The F-104, the U.S.'s answer to the high-flying Soviet fighter aircraft of the Korean war. The Skunk Works delivered it in a year and a day. It was the first plane to break Mach 2, and set the world altitude record in 1958. It was so versatile that later versions flew with additional components and attachments that doubled the planes' weight.
The U-2. This time Johnson committed to building 20 airplanes with spare parts in 8 months at a fixed price ($22 million). They delivered on time, refunded $2 million to the customer, and delivered six extra airplanes.
The SR-71. This very famous and amazing plane flew at speeds well over Mach 3, cruised at Mach 2, flew at altitudes well over 85,000 feet, and could out-maneuver any missile fired at it. It was the first plane to use stealth technology. Lockheed delivered the plane less than 2 years after contract signing [1].

Hardware is Easy, Right?

Recently I attended a web seminar conducted by a software development tools company in which they described the latest thinking on agile practices, team-building, and process. There was a type-in box for questions during the seminar, so I used it to ask how the vendor explained the disparity between the software community's preference for deferring decisions and the Skunk Works' success at making commitments up front and then meeting them.

Their answer to my question revealed thinking that is common in our industry. They responded that the Skunk Works created hardware products, and that hardware people have had many years to define standard components and interfaces, and therefore hardware product developers are better able to plan and predict than software product developers. In other words, the developers at the Skunk Works had fewer risks to cope with.

As I said above, the agile approach is a relief to me, and I like this particular vendor's products and services in many ways, so I don't mean to single them out with what I am about to say about them:

Wimps!

All of the projects I listed above included technology risks that would make even the most aggressive software person blanche:

The XP-80 encountered and dealt with compressibility, which is the buildup of air on the leading edge of a wing moving at high speeds. The engineers expected compressibility, but no one really knew how it would affect this particular plane. On the XP-80 it caused the ailerons to buzz at Mach .8, and the team solved the problem with hydraulic dampers.
The F-104's engine was entirely new and not available early in the project, so the team tested with one engine and then integrated the new one late in development. They also had no mach-2 wind tunnel.
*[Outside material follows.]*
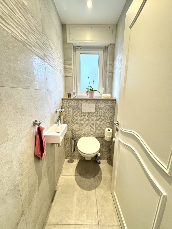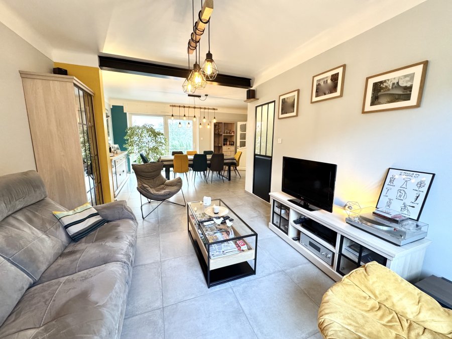 Dalles en Béton, Chauffage Gaz à condensation (2021) , électricité refaite en 2007 et 2012, toiture isolée sou toiture, sanitaire de 2021, sols : carrelage et laminat, triple vitrage (2020) avec volets électriques et manuels, porte d'entrée et garage de 2008?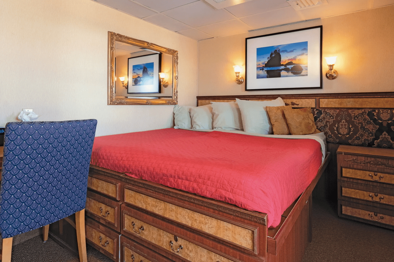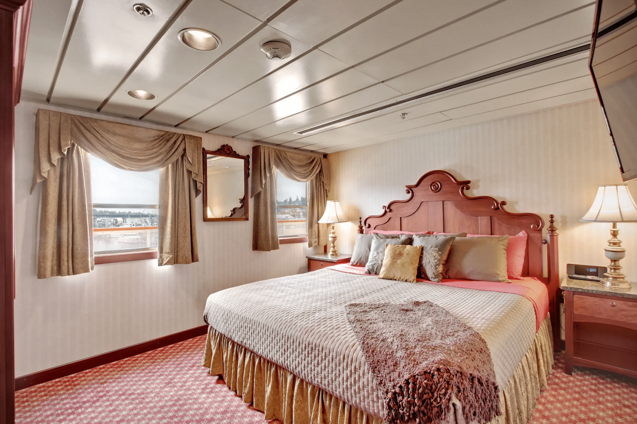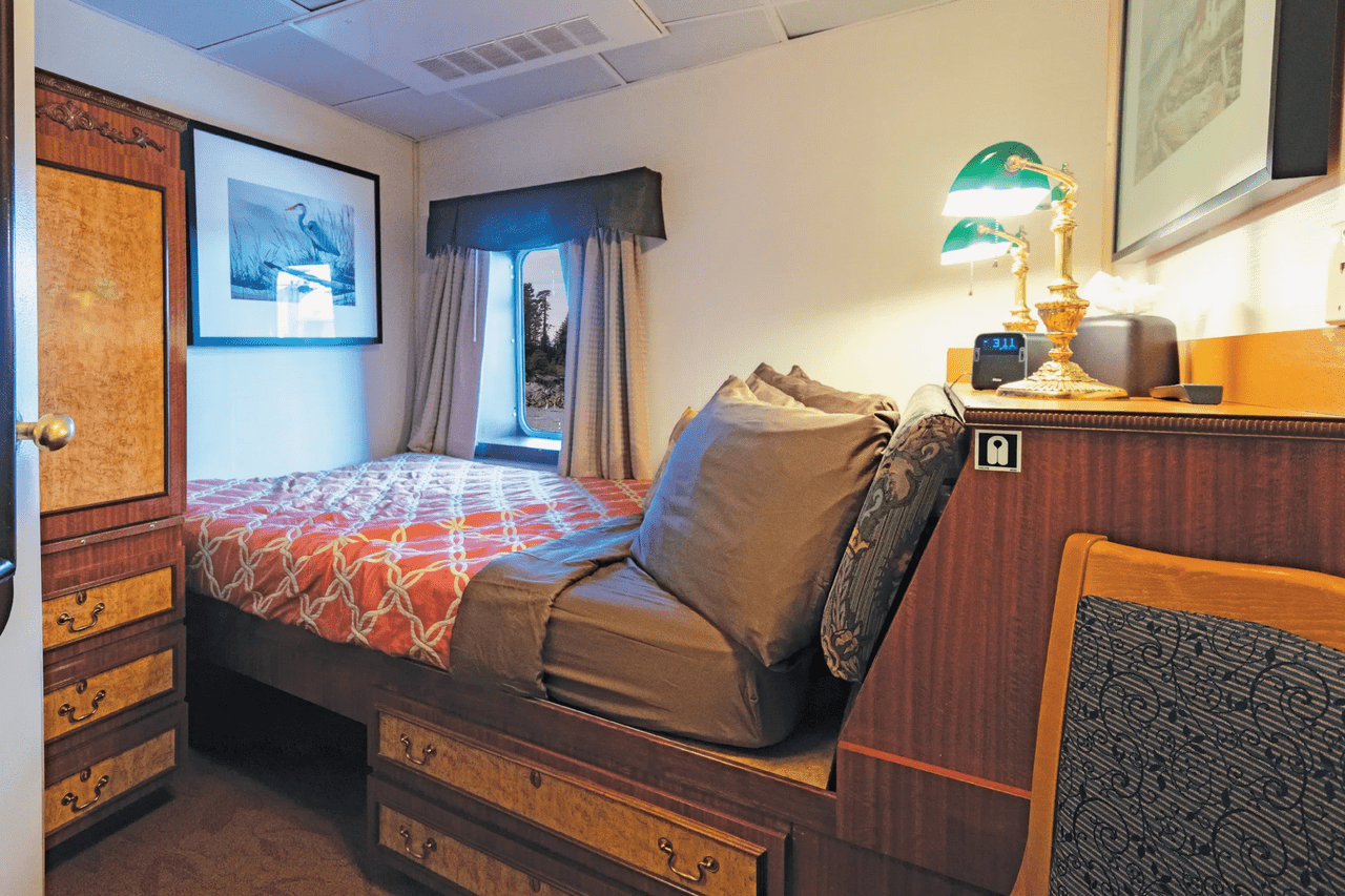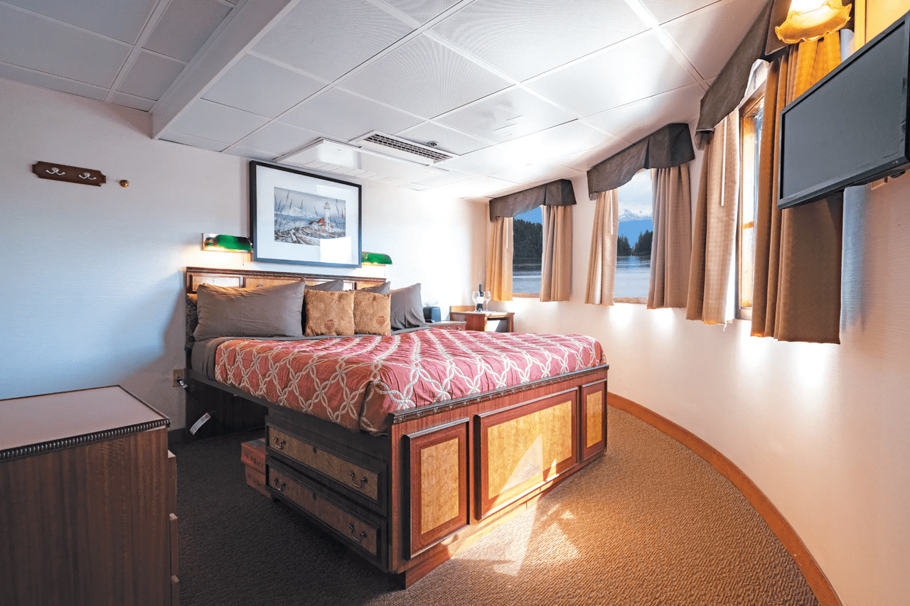 アラスカや太平洋北西部を中心に航海する、クラシックな外観と木製装飾が特徴の「ヴィンテージ蒸気船風」客船。

They solved that problem by instrumenting rockets, launching them into the air with assemblies attached that would simulate a component of the final plane, and taking their measurements.
The U-2 was so secret that Lockheed couldn't use any of its usual facilities to test it. Yikes, no airport! So, the team created a new airbase in the desert.
The SR-71 used titanium for many of its components. The team had to solve problems with purity, precision machining (titanium doesn't compress much, so tolerances are brutal), and testing of that material. The high operating temperature of the plane required newly invented lubricants, fuel, bushings, o-rings, plastics, wiring, and insulation. The heat buildup due to air friction fried normal wiring. The paint for the insignia was also an innovation - all other paints charred on the skin of the plane [1].

Not convinced that the Skunk Works pushed the envelope? Here's what a Soviet pilot had to say:

"Chasing the SR-71 along the Siberian Coast in a Mig-25, I could not match its speed. One flight in the Mig-25 and we had to change our engines.

I could not believe that such technologies existed

" [Italics added]

[2]

Finally, consider that all of these planes carried people who occasionally died in crashes that were due to defects or oversights.

I can't think of analogous risks in software development, can you?

The Skunk Works responded to challenges that were just as enormous as those we have in software. Perhaps their challenges were even more daunting. They also created innovative products that required innovative, not standard, components.Yet, they succeeded at predicting cost, schedule, and features. What can we learn from the Skunk Works? How did they predictably deliver such advanced products?

The Skunk Works Process

Kelly Johnson summarized his approach to managing the Skunk Works in his famous 14 Points of Project Management. In the absence of more information, I'll use the 14 points to deduce what some of the Skunk Works practices were. Here they are, from Kelly Johnson's book Kelly: More than My Share of it All [1].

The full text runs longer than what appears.